As usual, Hawk, the inscrutable pal, is present, while the excruciatingly sick-making girlfriend, Susan, puts in her regular oleaginous appearances. Parker's Spenser novels are very well thought of and have a big following, but I've never been able to understand why. I've always found them superficial, flip and thoroughly un-exciting. Maybe it's something to do with that macho photograph of Parker on the back cover - how can you take seriously a man who allows such a shot of himself to be taken and then promulgated publicly? Michael Dibdin has created a nice niche for his fictional Italian detective Aurelio Zen, and in A Long Finish (Faber, £16.99 in UK) he appends another enjoyable addition to the series. This time Zen is in Piedmont, in an autumnal setting of vineyards, quiet fields and crumbling farmhouses, his mission to prove the innocence of the scion of an important wine growing family who has been accused of a brutal murder. Attempting to penetrate family loyalties and sieve out truth from falsehood proves difficult for our hero, but naturally, he wins out in the end. The tale is leisurely, the settings exquisitely conveyed, and the mystery nicely plausible. Recommended.
According to the blurb, Last Rites (Heinemann, £16.99 in UK) is to be John Harvey's last Charlie Resnick novel. This is the tenth book in a series which has been unfailingly consistent and compelling in its depiction of the Detective Inspector and his fellow officers in the (curiously unnamed) city of Nottingham. In this one Resnick is at a low ebb: his relationship with Hannah Campbell is wavering, there is suspicion of corruption in the force, the spread of guns has led to the escalation of violent crime, and now a hardened criminal, one Michael Preston who, among other atrocities, has killed his own father, has been released to attend his mother's funeral.
In the event, no one turns out to be as bad as he or she seemed - even the hardened criminal had good reasons for knocking off his old man - and shabby old Charlie with the heart of gold, the cats and the liking for traditional jazz, comes out at the end a sadder and a wiser man. Val McDermid is by now an old hand at crime fiction: her psychological thrillers featuring criminal profiler Tony Hill have won innumerable awards, while her series showcasing the talents of Thai boxing P.I. Kate Brannigan has stood up well to the efforts of her American rivals. The latest Brannigan is Star Struck (HarperCollins, £16.99 in UK), in which our tough super-sleuth has the job of bodyguarding a paranoid soap star, one Gloria Kendal. This allows McDermid to send her wise-cracking heroine on a journey through the dangerous concrete canyons of Manchester, riding shotgun guard on as zany a client as she has ever encountered. The result is an often hilarious excursion into the world of the hard-boiled detective novel - an excursion not to be missed.

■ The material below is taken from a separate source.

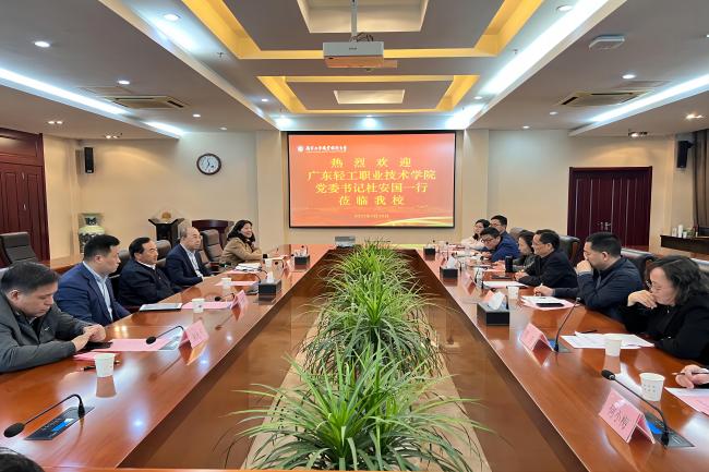3月20日上午,广东轻工职业技术学院党委书记杜安国一行来我校考察调研。党委书记吴学敏,党委常委、副校长霍雄飞以及党委办公室、校长办公室、学工处、国资处等相关部门负责同志在仙林校区行政楼辅楼一楼会议室接待了来宾。

Finally, who do we spy galloping up the straight but Dick Francis, with his collection of short pieces, Field of Thirteen (Michael Joseph, £16.99 in UK). Regular readers will know what to expect: a racing background, reasonable story-telling, one-dimensional characters, no sex, very little violence, true-blue heroes and heroines, and despicable villains. Horses for courses, and Francis is your man.